La inclusión de la mujer en espacios que antes estaban dominados por los hombres es uno de los logros más importantes en las últimas décadas, su educación en universidades e incluso, su desempeño en el sector privado y en cargos públicos han sido clave para su empoderamiento.

El cambio de rol, de amas de casa dedicadas al cuidado de los hijos a una mayor participación en la economía y en espacios de toma de decisión, es un aspecto trascendental para el desarrollo nacional.

Sin embargo, la transición no ha sido sencilla, pues aún enfrentan circunstancias lamentables en su vida cotidiana que inhiben su pleno desarrollo. Todos los días se enfrentan a situaciones que vulneran sus derechos humanos, que van desde comentarios sexistas hasta actos de violencia sexual, laboral, psicológica, económica, violencia política o situaciones extremas como feminicidios.

Recientemente se han presenciado comentarios discriminatorios de actores políticos, por ejemplo, en Coahuila, el actual candidato del PAN hizo alusión a argumentos sexistas durante su periodo de campaña. Una práctica que se debe reprobar no solo por provenir de personajes públicos que son figuras centrales en el servicio público, sino también porque afectan los derechos humanos de las mujeres y reproducen estereotipos que vulneran su integridad.

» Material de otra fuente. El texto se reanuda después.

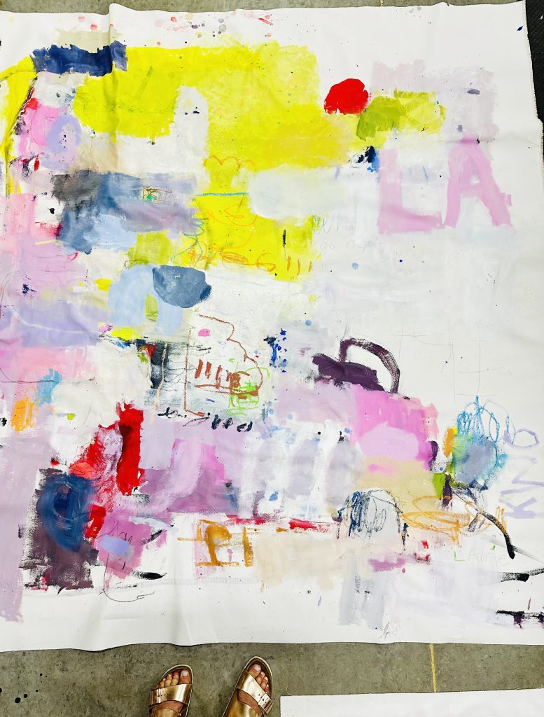 I always approach my art with a sense of curiosity and wonder. Creating is fun and I start by making marks and applying paint to the canvas. I work in layers keeping what I like and destroying what I don’t. There is a call and response that happens when I’m working and I just respond to what is happening before me. In the studio, I am a rule breaker. I like to mix materials and my work often includes crayons, markers, collages, pencils, oil pastels, and paint.
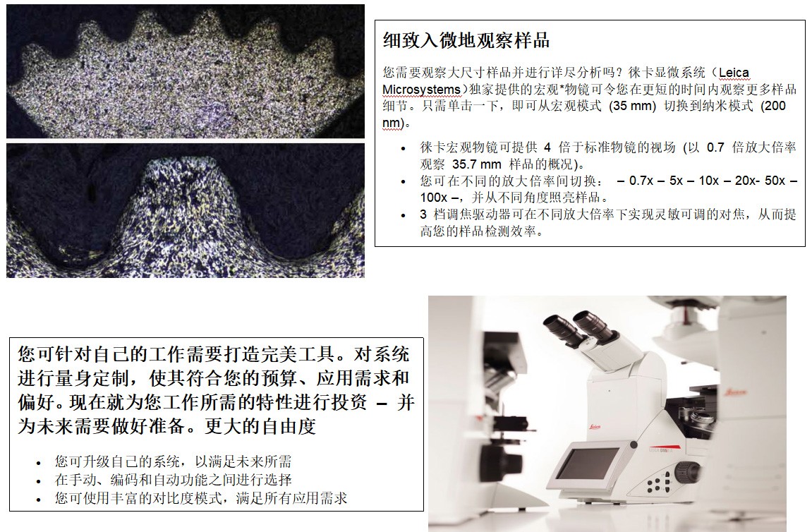 在競爭中保持領先是您事業(yè)前進的動力。無論您從事金相學、醫(yī)療設備制造還是微電子領域,速度都顯得至關(guān)重要。您可根據(jù)自身需求定制徠卡這款高度模塊化的倒置式顯微鏡。它將徠卡優(yōu)異的光學品質(zhì)、豐富的對比度模式以及直觀易用的軟件集于一身,有助于加速您的工作流程。

Cualquier acción encaminada a discriminar a una persona o grupo social con leguaje sexista, con estereotipos y prejuicios debe ser erradicada, pues está en contra de los principios, bases y pilares democráticos, además violenta los derechos de las mujeres, quienes independientemente de su afiliación política, merecen ser respetadas.

Las mujeres son agentes transformadoras que desempeñan un papel fundamental en México. 43.8% de las personas ocupadas registradas en la economía nacional, son mujeres. Su participación contribuye de manera importante en el desarrollo económico, además fomenta y fortalece la igualdad de género.

Hoy, más de la mitad de la población total de nuestro país está constituida por mujeres (51.4%) con respecto a la población de hombres (48.6%), es decir, una relación de 94.4 hombres por cada 100 mujeres, lo cual implica que su participación será determinante en la toma de decisiones del futuro desarrollo nacional.

En México, se han llevado a cabo diversos esfuerzos para garantizar la igualdad entre hombres y mujeres, los resultados logrados hasta ahora son favorables no solo para las mujeres, sino también para los hombres y las familias, sin embargo, aún existen retos como lograr la plena incorporación de la mujer en actividades económicas en las mismas condiciones que los hombres y una mayor participación en el ámbito político y en cargos directivos del sector empresarial, pero sobre todo, acabar con la discriminación.

El empoderamiento de la mujer es un elemento central para el fortalecimiento de la democracia y en la medida que lo hagamos efectivo podremos mejorar las condiciones de vida de las familias y alcanzar mejores condiciones de desarrollo en el país.